The gene cluster involved in detoxification of plant-derived aromatic compounds was upregulated by lignin degradation products

Joint Webinar: 8^th World Conference on Applied Microbiology and Beneficial Microbes & 4^th International Conference on Applied Microbiology

March 20-21, 2023 | Webinar

Eri Kumagawa, Takahiro Yoshikawa, Madoka Katsumata, Ken-ichi Kasuya, Yukari Ohta

Graduate School of Science and Technology, Gunma University, Japan.
Gunma University Center for Food Science and Wellness, Japan.

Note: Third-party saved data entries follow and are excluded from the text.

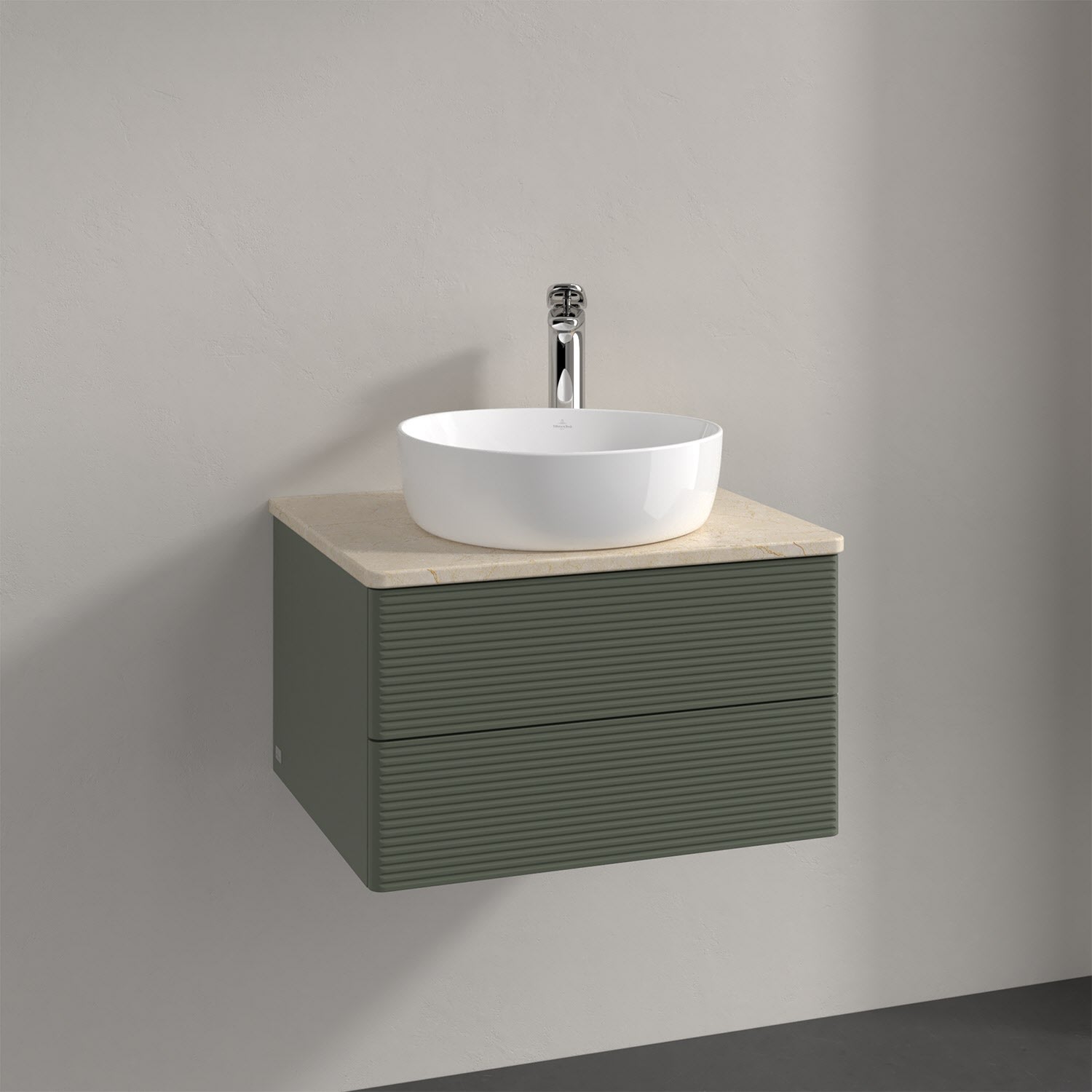 Villeroy & Boch Antao Waschbeckenunterschrank, 60 x 36 cm, 2 Auszüge mit LED-Licht, Front mit Struktur, mit Hahnloch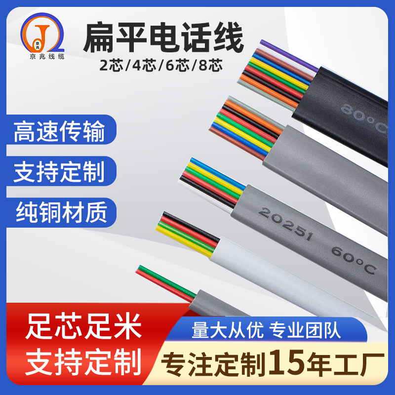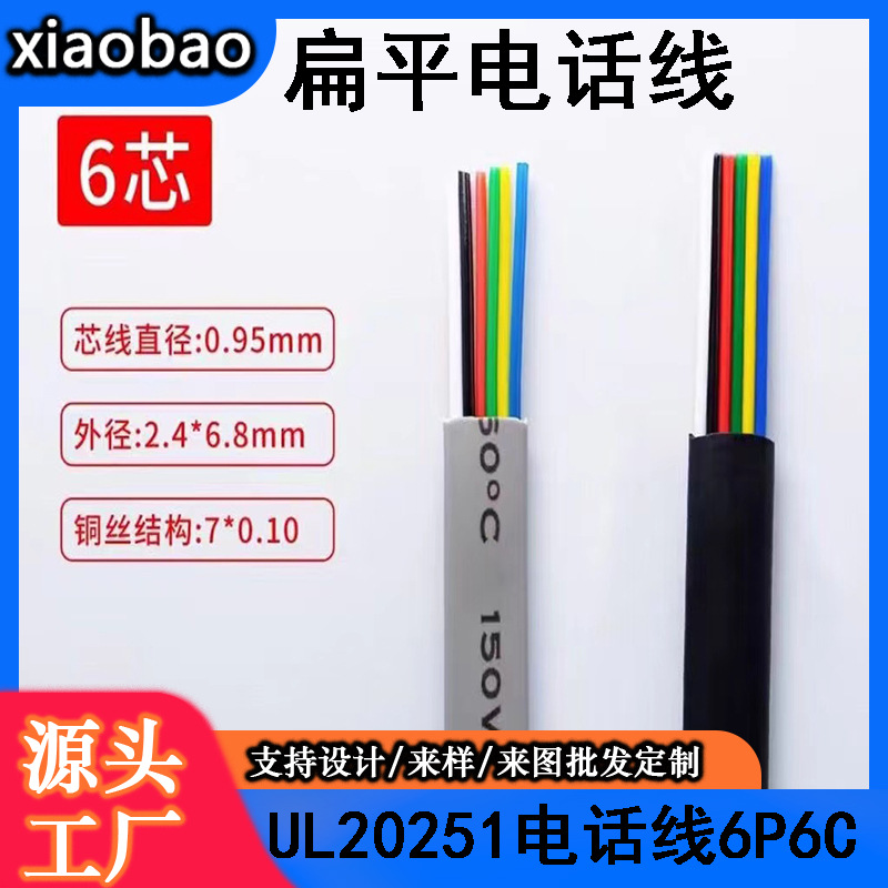 スポット供給黒6芯フラット電話線20251 6芯26awg 7*0.16無酸素銅電話線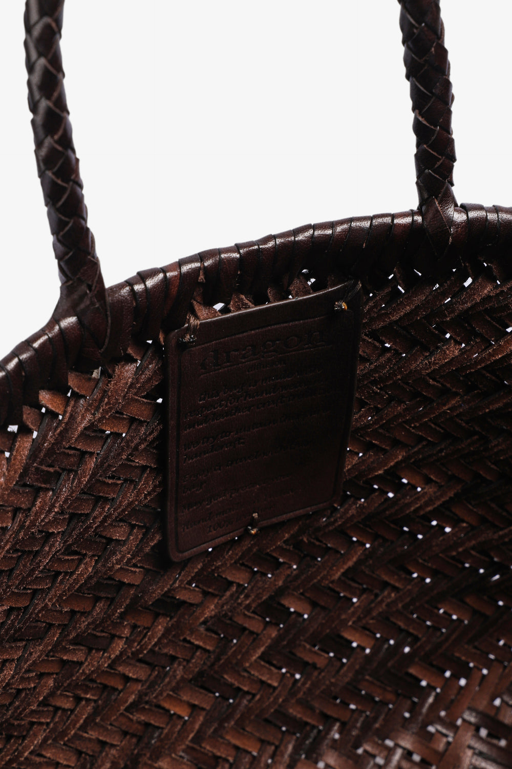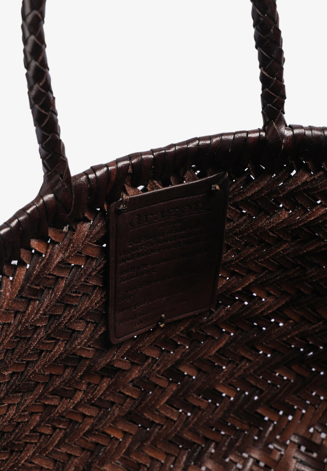 Bolso Dragon Diffusion tejido a mano en suave piel de becerro de búfalo. Su tejido de chevron diagonal es lo que lo hace único. Fiel a las técnicas tradicionales de cestería, la cesta viene sin forro y con la parte superior abierta.

Scientific Tracks Abstracts: J Med Microb Diagn

Abstract :

Lignin is an aromatic resource with many potential applications, useful chemicals, materials, and clean biofuels. Recently, the enzymes with excellent selective conversion ability and biological funneling functions, have shown good possibility in improving utilization. To design a lignin conversion system based on microbial metabolism, it is important to identify genes involved in lignin metabolism and to understand their functions. According to transcriptome analysis using the lignin model dimer (GGGE) of Novosphingobium sp. MBES04, we reported that the gene cluster of four genes was specifically upregulated. Although the strain MBES04 metabolizes GGGE to guaiacylhydroxypropanone (GHP) using the ß-etherase system, the upregulated genes were not associated with this metabolism. Furthermore, the biological advantage of possessing the ß-etherase system was unclear, even though the strain MBES04 does not finally utilize GGGE as an energy source. The goal of this study was to clarify the role of the gene cluster and to understand the significance of the strain MBES04 having the gene for the ß-etherase system. The gene cluster was strongly expressed by GHP using screening of the lignin low molecule compounds. The analysis of the enzyme encoded by the gene suggests that the gene cluster contributes to the detoxification of compounds containing aromatic and hetero aromatic rings of plant derivatives. In addition, the growth of the strain MBES04 was enhanced by cluster induction in crude extracts from the eucalyptus. Therefore, we conclude that the β-etherase system of the strain MBES04 works as a switch for the induction of gene clusters in lignin partial degradation products, and the strain MBES04 adapts and maintains survival in environments with organic compounds of plant derivatives by upregulating clusters. These results will contribute to a comprehensive understanding of the metabolism of lignin-related compounds in the strain MBES04.

Biography :

I am a PhD student at Gunma University, Japan. My major is microbiology and molecular biology. My research has focused on the utilization of lignin as an alternative to petroleum derived products. I have previously worked on the search and characterization of the novel enzyme which cleaves the ß-ether bond of lignin. I found thermotolerant and alkaliphilic enzyme, from Altererythrobacter sp. B11. Based on the structural model of the enzyme and kinetic studies of enzymes with mutations in the putative catalytic residues, I identified the key amino acids catalyzing the reaction. Currently, I am interested in valuable material production using the metabolic capacity of microorganisms and enzymes.